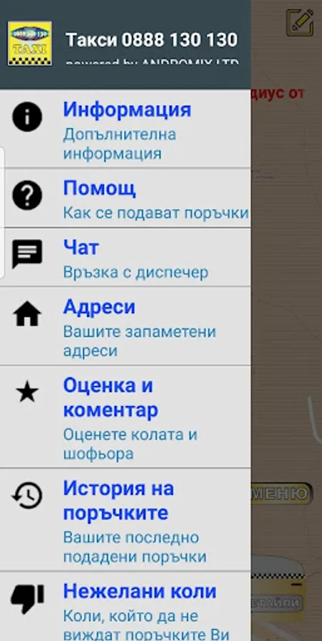 You only order two-button taxi !!! Your order is accepted and processed by our dispatchers, then you see what your tax is, where it is in the coin, how long it will be with you and how it comes to you. When you place your order, you can choose different requirements such as: the car travels through a dirt road, carries a luggage, has a luggage compartment or wagon, and a bunch of others. You can also write directly to our dispatchers through our chat system in real time.
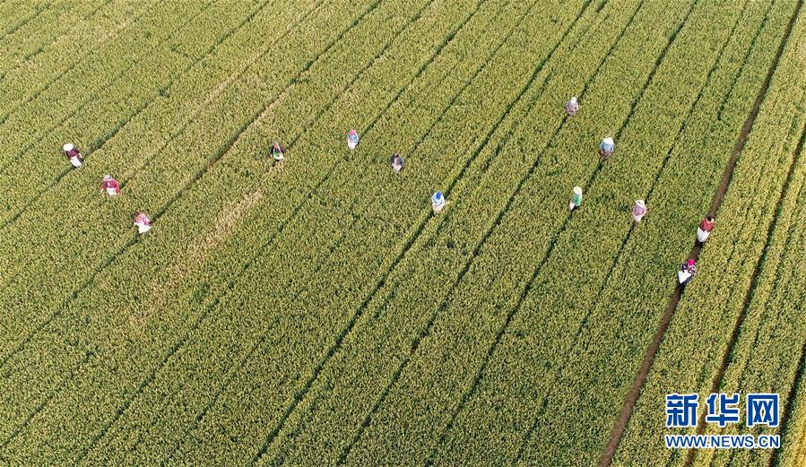 5月26日,農(nóng)民在內(nèi)丘縣東龐前街村麥田清理雜麥(無人機(jī)照片)。夏日時節(jié),河北省邢臺市內(nèi)丘縣農(nóng)民搶抓農(nóng)時開展麥田后期管理,為小麥增產(chǎn)豐收打好基礎(chǔ)。新華社記者朱旭東攝
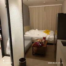 家人們,剛住完這家酒店,必須來誇誇! 一進房間就被整潔感拿捏,傢俱嶄新、擺放規整,白色調看着特清爽 。冰箱、電視這些設施都好用,尤其是電視投屏超方便,追劇黨狂喜✨ 窗簾設計很貼心,紗簾透光又私隱,遮光簾一拉,睡眠環境直接拉滿,睡了個超踏實的覺💤 房間佈局合理,過道寬敞不侷促,從客廳到卧室過渡自然,住起來特舒服。 細節也很到位,插座位置方便,不用到處找地方充電;衞生更是沒話説,角角落落都乾淨,住着安心👍 性價比拉滿!下次來還選這,真心推薦給大家~
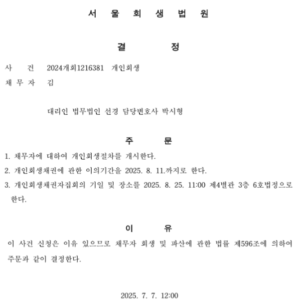 개인회생 개시결정
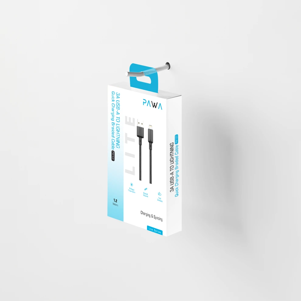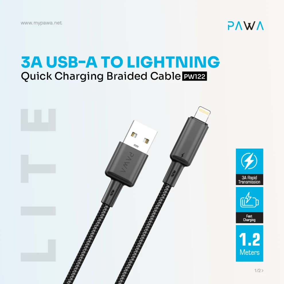 كابل شحن سريع مضفر PAWA PW122 – USB-A إلى Lightning (3 A)
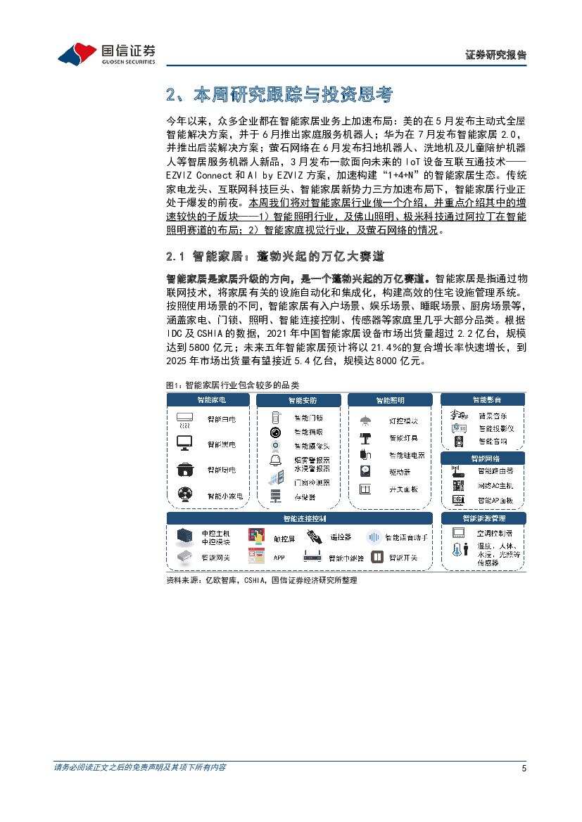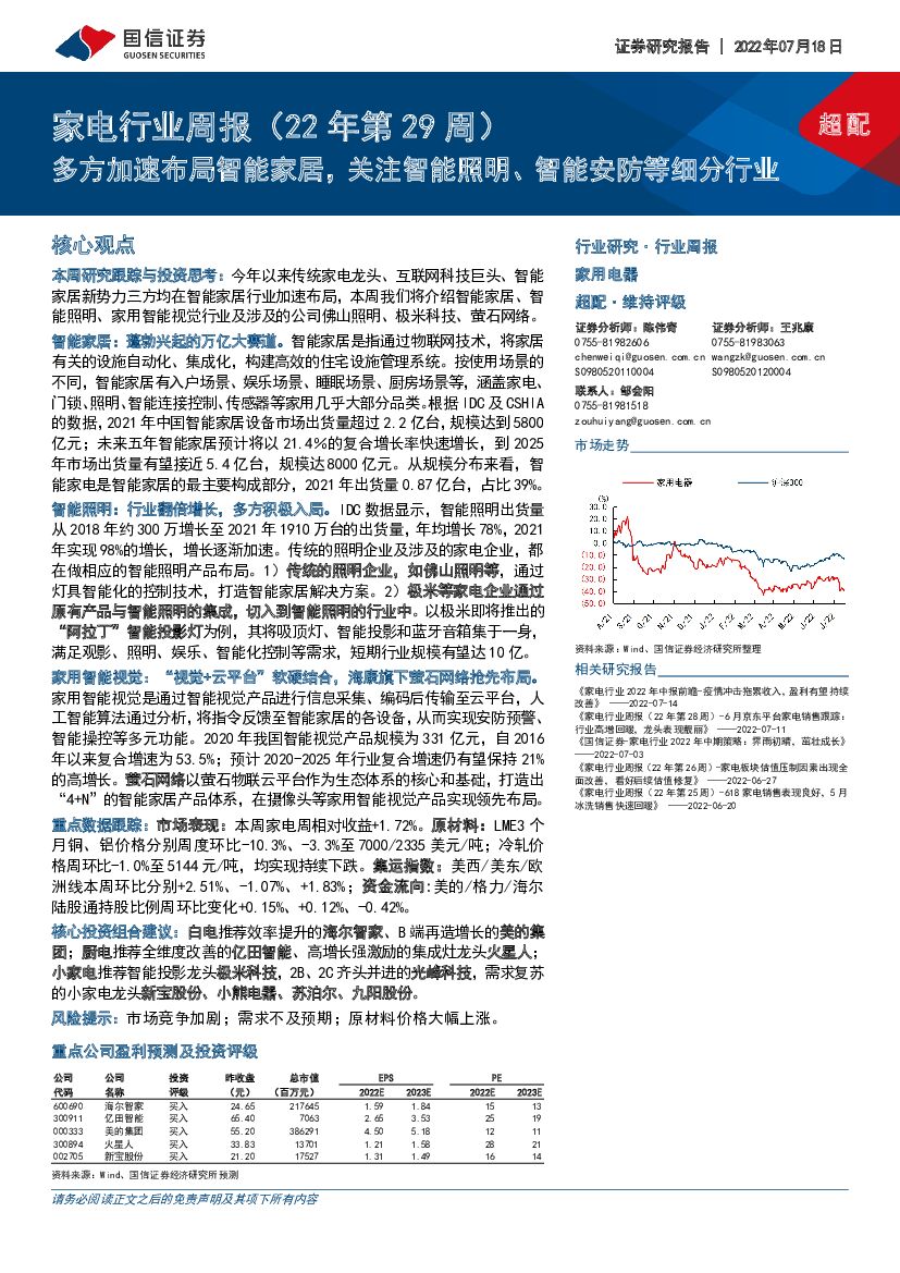 国信证券:家电行业周报(22年第29周):多方加速布局智能家居,关注智能照明、智能安防等细分行业.pdf
§ §
§ **How to complete this task**
I would like the data above transcribed exactly, with its pictures left out.

§ **Completed exercise**
 You only order two-button taxi !!! Your order is accepted and processed by our dispatchers, then you see what your tax is, where it is in the coin, how long it will be with you and how it comes to you. When you place your order, you can choose different requirements such as: the car travels through a dirt road, carries a luggage, has a luggage compartment or wagon, and a bunch of others. You can also write directly to our dispatchers through our chat system in real time.
 5月26日,農(nóng)民在內(nèi)丘縣東龐前街村麥田清理雜麥(無人機(jī)照片)。夏日時節(jié),河北省邢臺市內(nèi)丘縣農(nóng)民搶抓農(nóng)時開展麥田后期管理,為小麥增產(chǎn)豐收打好基礎(chǔ)。新華社記者朱旭東攝
 家人們,剛住完這家酒店,必須來誇誇! 一進房間就被整潔感拿捏,傢俱嶄新、擺放規整,白色調看着特清爽 。冰箱、電視這些設施都好用,尤其是電視投屏超方便,追劇黨狂喜✨ 窗簾設計很貼心,紗簾透光又私隱,遮光簾一拉,睡眠環境直接拉滿,睡了個超踏實的覺💤 房間佈局合理,過道寬敞不侷促,從客廳到卧室過渡自然,住起來特舒服。 細節也很到位,插座位置方便,不用到處找地方充電;衞生更是沒話説,角角落落都乾淨,住着安心👍 性價比拉滿!下次來還選這,真心推薦給大家~
 개인회생 개시결정
 كابل شحن سريع مضفر PAWA PW122 – USB-A إلى Lightning (3 A)
 国信证券:家电行业周报(22年第29周):多方加速布局智能家居,关注智能照明、智能安防等细分行业.pdf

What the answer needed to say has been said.